§ **INSTRUCTIONS FOR THE TASK**: All of the data below should be printed again word for word, pictures excluded.

§ **DATA EXTRACT**:
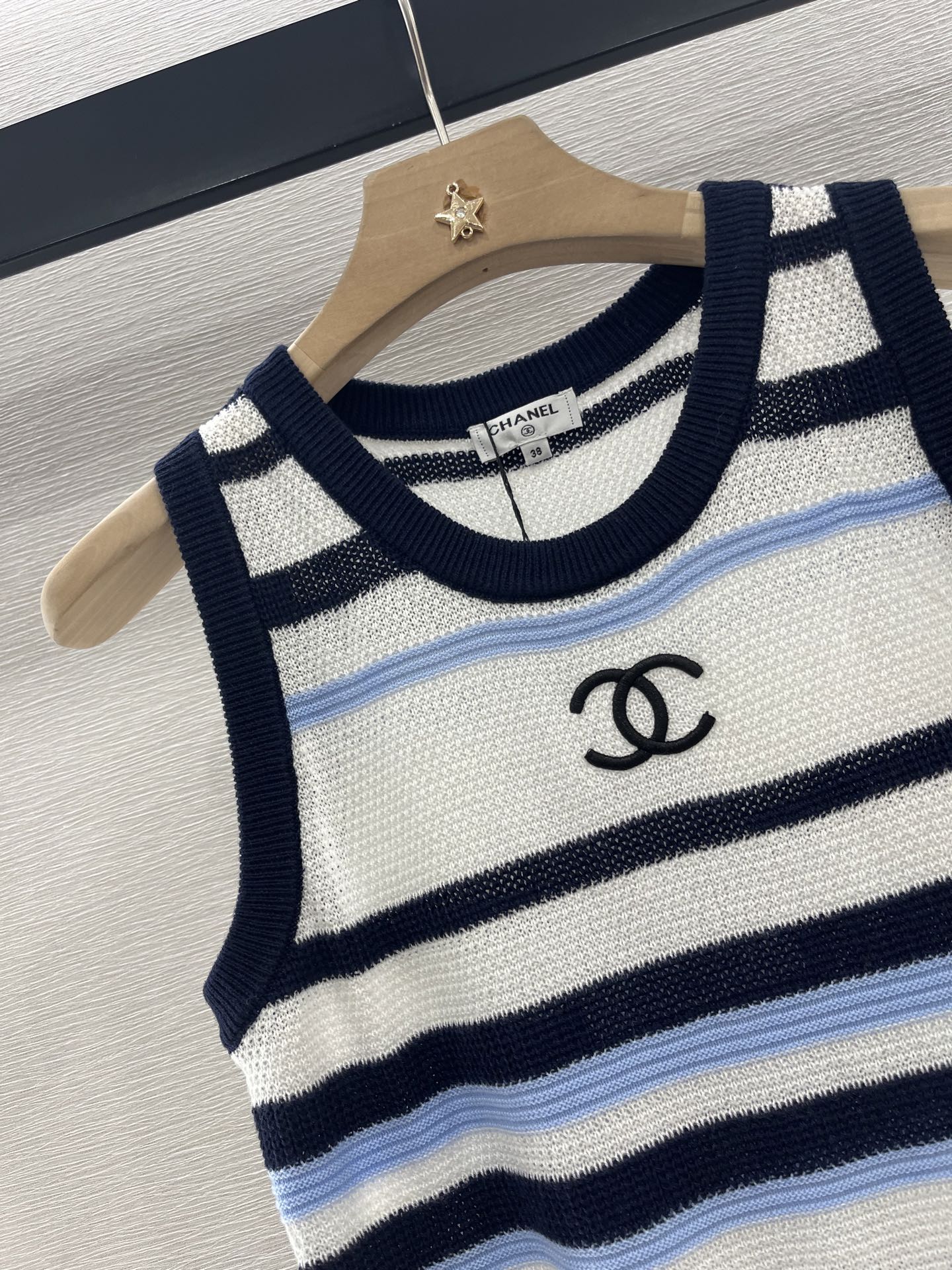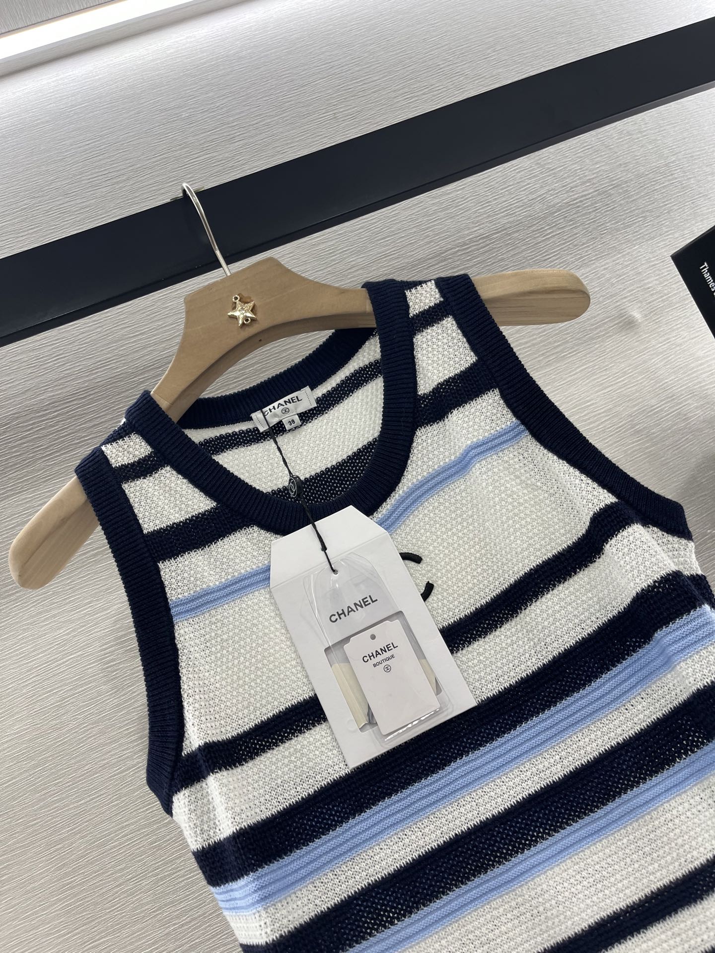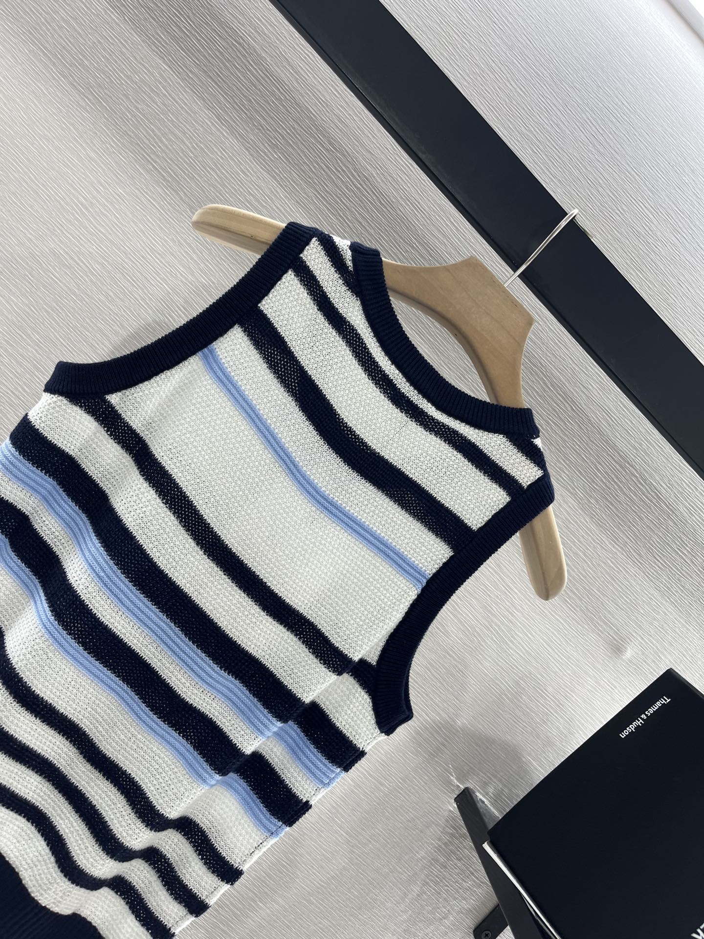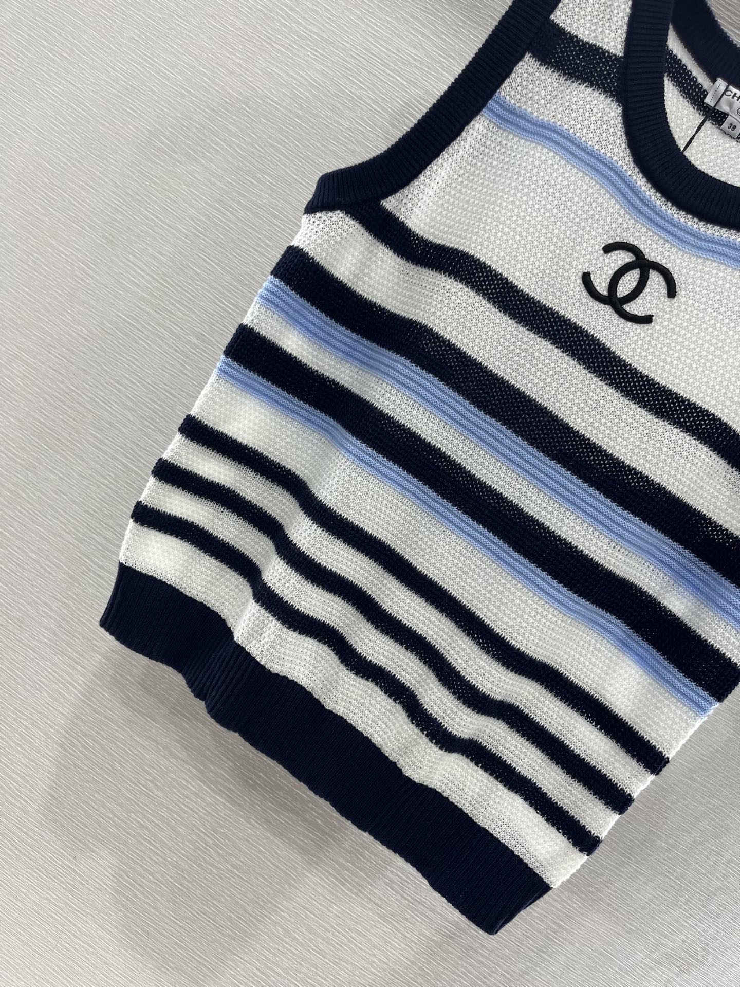 CHANEL STRIPED SLEEVELESS KNIT TOP 263401
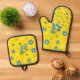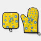 Blue Yellow Flowers Oven Mitt & Pot Holder Set
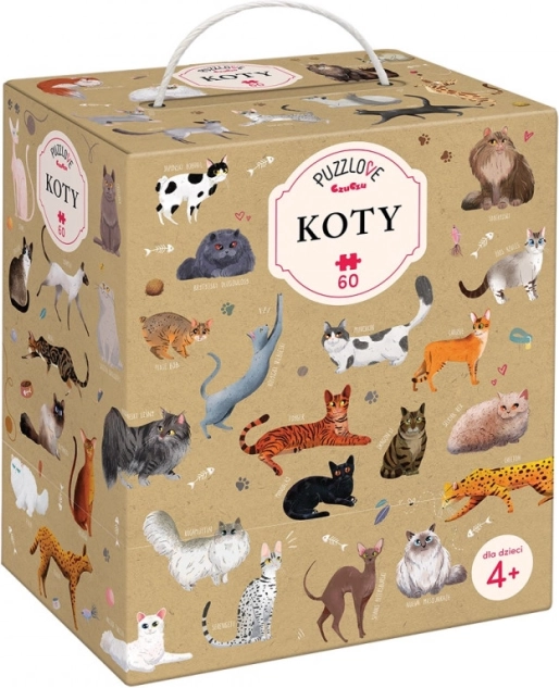 Miau, miau! Lustige und geheimnisvolle Katzen laden Kinder zum Spielen mit den großen 60-teiligen Puzzles ein, die Katzen verschiedener Rassen zeigen. Trainieren Sie Geduld und Aufmerksamkeit mit dieser tollen Motivation für spaßige Aktivitäten. CzuCzu weiß, wie ansteckend die Freude am Puzzeln ist!

§ **TASK SOLUTION**:
 CHANEL STRIPED SLEEVELESS KNIT TOP 263401
 Blue Yellow Flowers Oven Mitt & Pot Holder Set
 Miau, miau! Lustige und geheimnisvolle Katzen laden Kinder zum Spielen mit den großen 60-teiligen Puzzles ein, die Katzen verschiedener Rassen zeigen. Trainieren Sie Geduld und Aufmerksamkeit mit dieser tollen Motivation für spaßige Aktivitäten. CzuCzu weiß, wie ansteckend die Freude am Puzzeln ist!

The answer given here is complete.